▶ Activity: Exactly the lines below from the line with "Skin Decal Wrap" through the line with "La jornada del" must make up the answer, both ends included and pictures left out.
Start of Supplied records
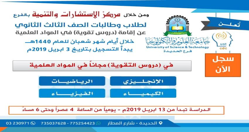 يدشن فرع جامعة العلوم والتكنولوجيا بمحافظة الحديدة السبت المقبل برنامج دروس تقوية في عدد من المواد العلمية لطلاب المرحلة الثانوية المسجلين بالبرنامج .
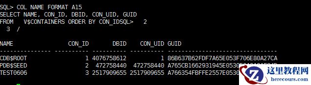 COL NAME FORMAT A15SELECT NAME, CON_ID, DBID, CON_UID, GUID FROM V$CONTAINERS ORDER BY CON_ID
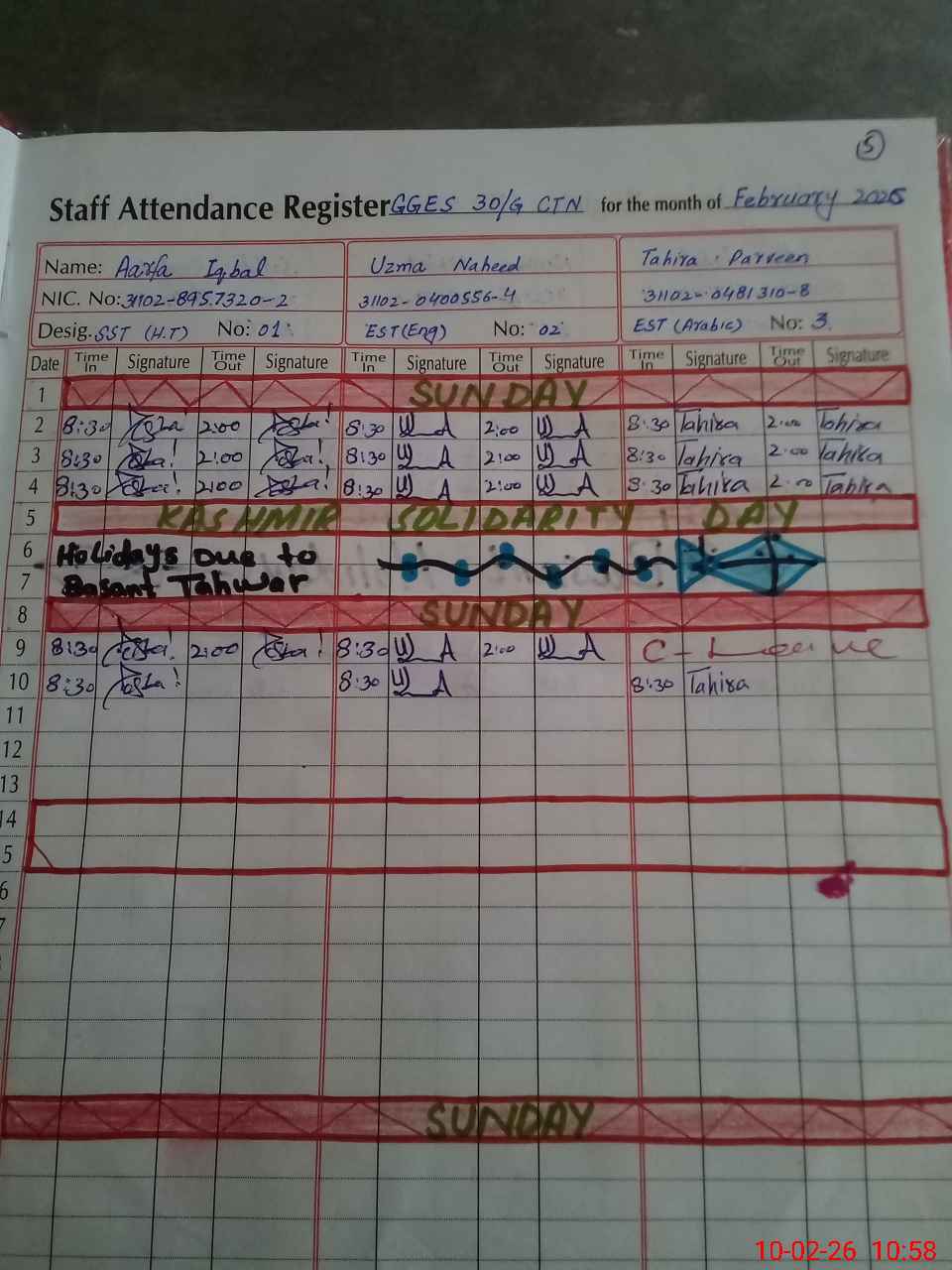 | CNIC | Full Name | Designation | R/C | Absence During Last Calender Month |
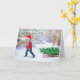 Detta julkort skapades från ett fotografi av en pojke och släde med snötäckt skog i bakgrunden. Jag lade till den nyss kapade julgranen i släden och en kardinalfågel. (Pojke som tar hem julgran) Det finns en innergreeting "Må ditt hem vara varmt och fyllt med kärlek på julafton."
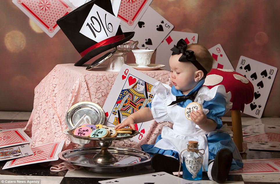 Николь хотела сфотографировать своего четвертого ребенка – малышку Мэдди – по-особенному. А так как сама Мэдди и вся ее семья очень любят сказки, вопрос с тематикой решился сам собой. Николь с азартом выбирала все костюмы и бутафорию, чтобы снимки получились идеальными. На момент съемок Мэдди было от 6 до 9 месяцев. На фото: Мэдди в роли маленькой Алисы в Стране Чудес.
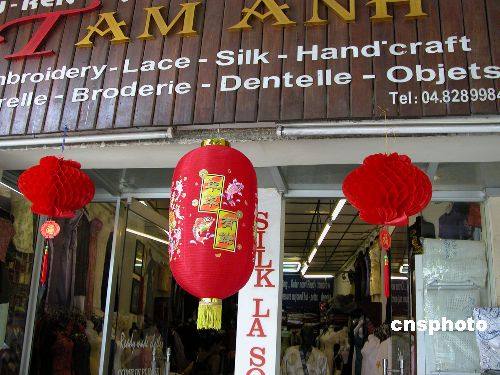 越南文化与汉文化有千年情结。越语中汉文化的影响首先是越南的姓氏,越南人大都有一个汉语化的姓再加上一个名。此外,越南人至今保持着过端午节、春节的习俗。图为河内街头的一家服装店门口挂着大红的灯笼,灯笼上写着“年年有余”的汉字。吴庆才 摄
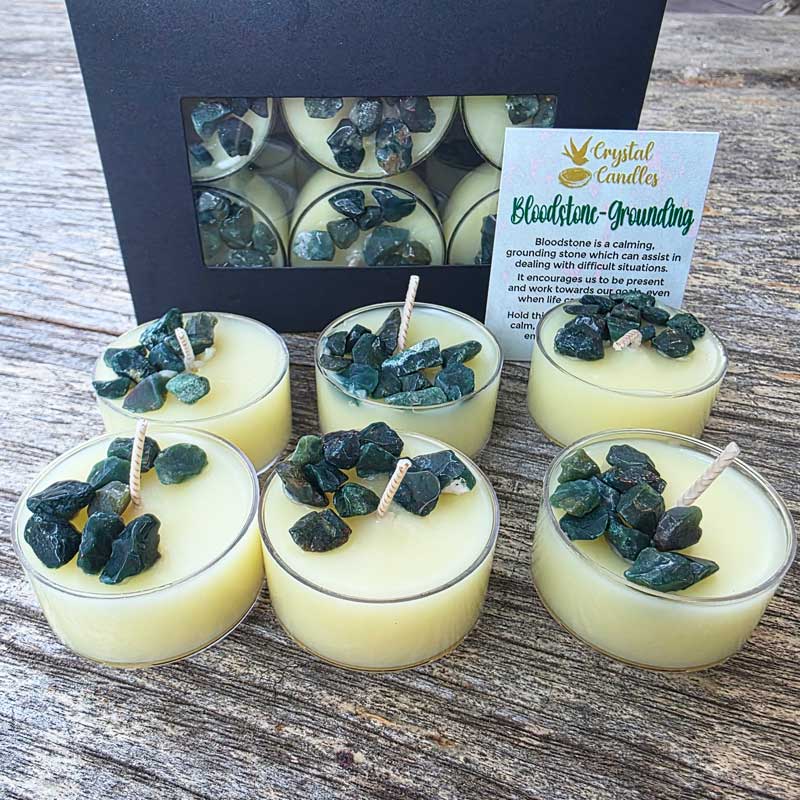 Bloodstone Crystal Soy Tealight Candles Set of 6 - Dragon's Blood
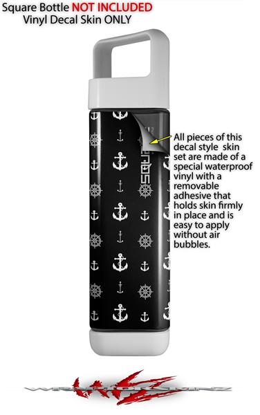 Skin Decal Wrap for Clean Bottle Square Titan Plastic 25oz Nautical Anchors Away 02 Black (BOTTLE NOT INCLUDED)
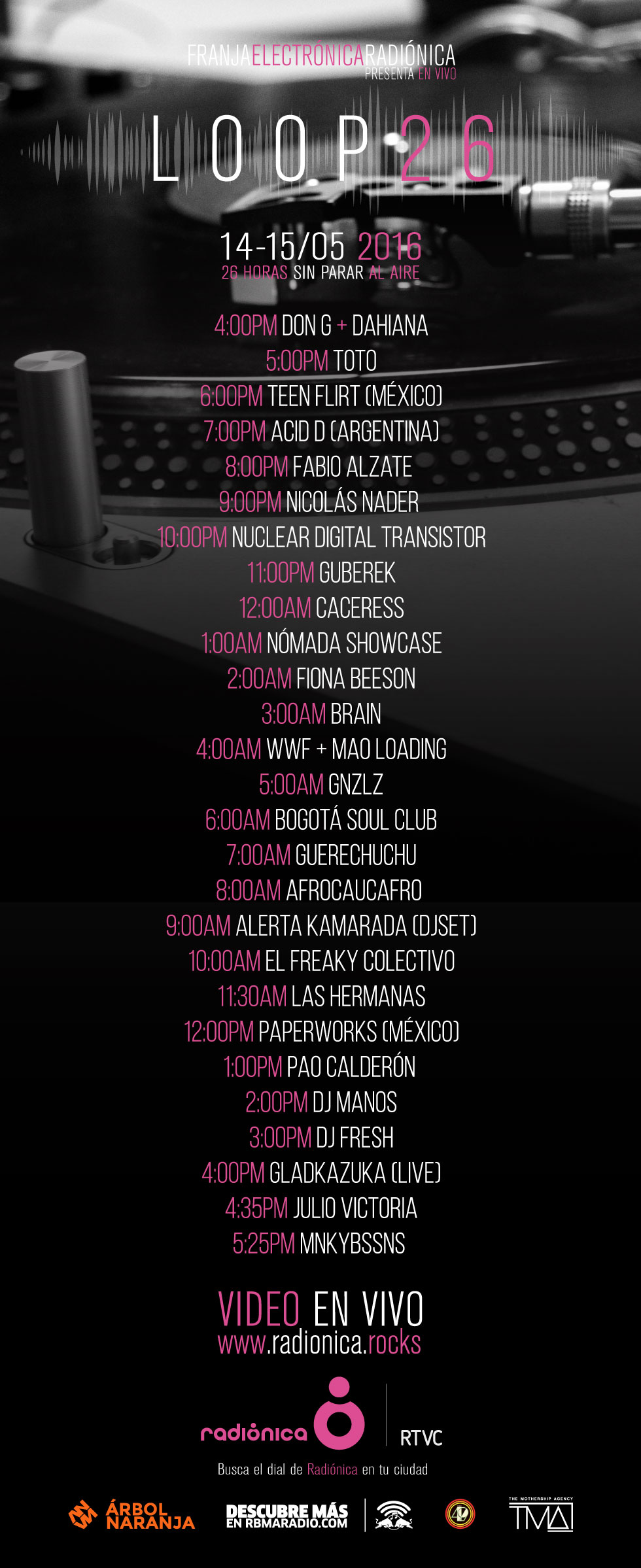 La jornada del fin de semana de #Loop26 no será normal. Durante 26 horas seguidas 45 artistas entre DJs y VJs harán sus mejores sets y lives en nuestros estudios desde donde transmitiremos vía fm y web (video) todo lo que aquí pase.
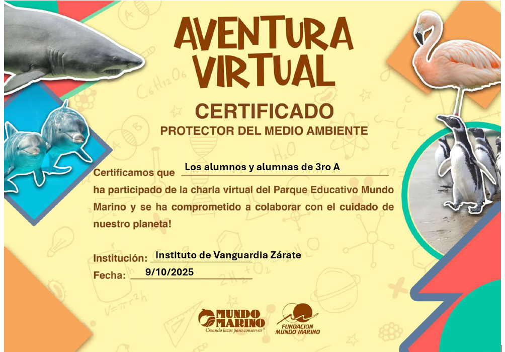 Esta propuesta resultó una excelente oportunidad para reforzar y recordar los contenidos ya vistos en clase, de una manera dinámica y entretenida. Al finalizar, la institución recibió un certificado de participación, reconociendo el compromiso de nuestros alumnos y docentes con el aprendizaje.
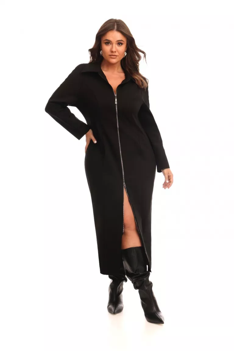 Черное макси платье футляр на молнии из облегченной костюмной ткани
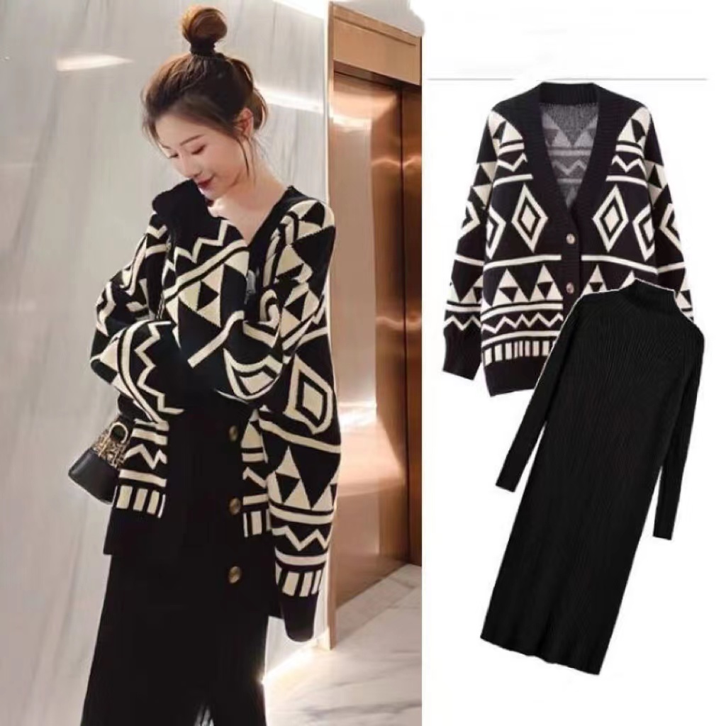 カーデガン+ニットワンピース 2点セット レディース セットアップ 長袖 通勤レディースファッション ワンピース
End of Supplied records
▶ Problem solution:
 Skin Decal Wrap for Clean Bottle Square Titan Plastic 25oz Nautical Anchors Away 02 Black (BOTTLE NOT INCLUDED)
 La jornada del fin de semana de #Loop26 no será normal. Durante 26 horas seguidas 45 artistas entre DJs y VJs harán sus mejores sets y lives en nuestros estudios desde donde transmitiremos vía fm y web (video) todo lo que aquí pase.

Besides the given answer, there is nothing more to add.